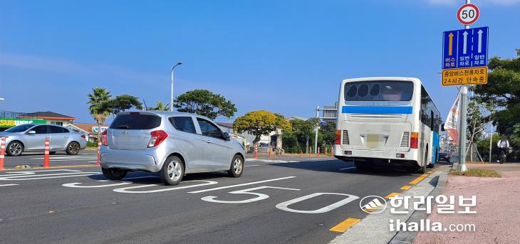 [한라일보] 제주공항 입구인 해태동산에서 광양사거리로 이어지는 제주시 서광로 구간에서의 버스전용차로 위반이 최근 급증하고 있다. 특히 제주형 간선급행버스체계(BRT) 고급화 사업에 따라 올해 양문형 저상버스 전용 '섬식정류장'이 설치된 이후, 위반 사례가 크게 늘며 교통안내시설 보강·조정 및 차로 설계 변경 등에 대한 요구가 잇따르고 있다.
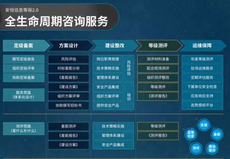 安恒信息提供等保安全合規(guī)咨詢服務(wù),幫助客戶快速、低成本、省心省力的完成等級保護定級備案、安全整改、等級測評和監(jiān)督檢查(根據(jù)等級保護工作的五個階段),發(fā)現(xiàn)信息系統(tǒng)和網(wǎng)絡(luò)中存在的安全風(fēng)險,建立完善的安全防護體系,輕松滿足等保合規(guī)和國家行業(yè)監(jiān)管要求,達到有效、合規(guī)的安全目的。
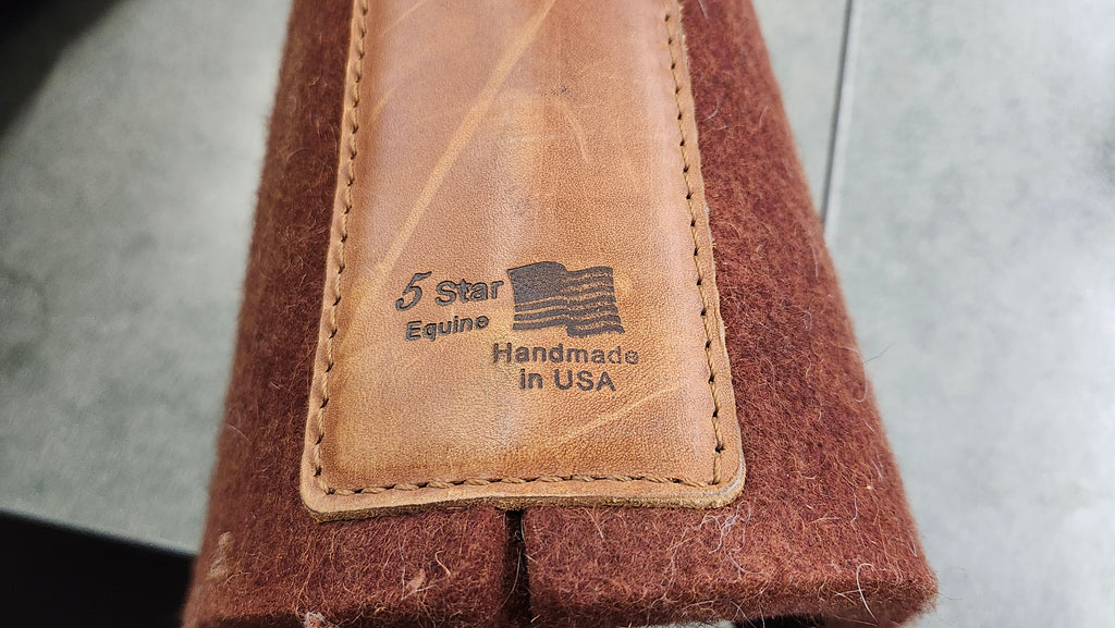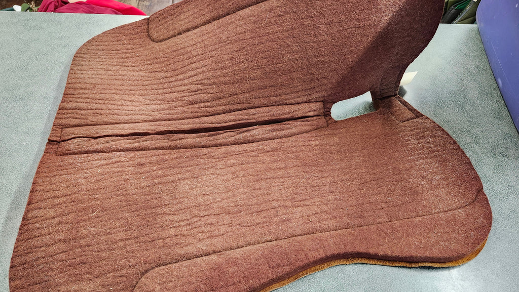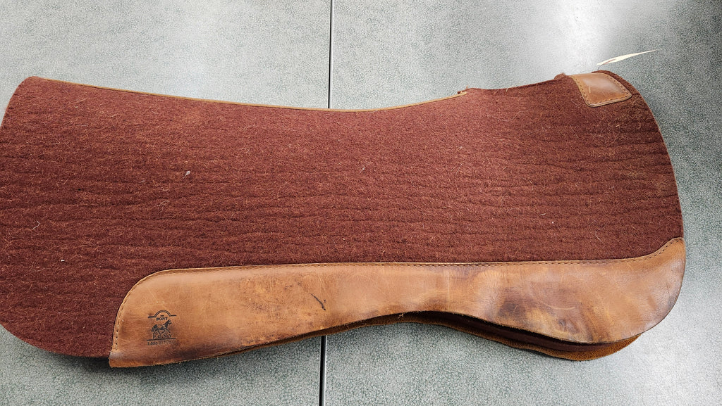 This is a used but still in good condition 5 star wool all around western pad. This pad is relatively clean, there is only slight hair on the underside.

##########

What you need to do:
Everything in the listing is to be returned word for word, except the pictures.

Written solution:
 [한라일보] 제주공항 입구인 해태동산에서 광양사거리로 이어지는 제주시 서광로 구간에서의 버스전용차로 위반이 최근 급증하고 있다. 특히 제주형 간선급행버스체계(BRT) 고급화 사업에 따라 올해 양문형 저상버스 전용 '섬식정류장'이 설치된 이후, 위반 사례가 크게 늘며 교통안내시설 보강·조정 및 차로 설계 변경 등에 대한 요구가 잇따르고 있다.
 安恒信息提供等保安全合規(guī)咨詢服務(wù),幫助客戶快速、低成本、省心省力的完成等級保護定級備案、安全整改、等級測評和監(jiān)督檢查(根據(jù)等級保護工作的五個階段),發(fā)現(xiàn)信息系統(tǒng)和網(wǎng)絡(luò)中存在的安全風(fēng)險,建立完善的安全防護體系,輕松滿足等保合規(guī)和國家行業(yè)監(jiān)管要求,達到有效、合規(guī)的安全目的。
 This is a used but still in good condition 5 star wool all around western pad. This pad is relatively clean, there is only slight hair on the underside.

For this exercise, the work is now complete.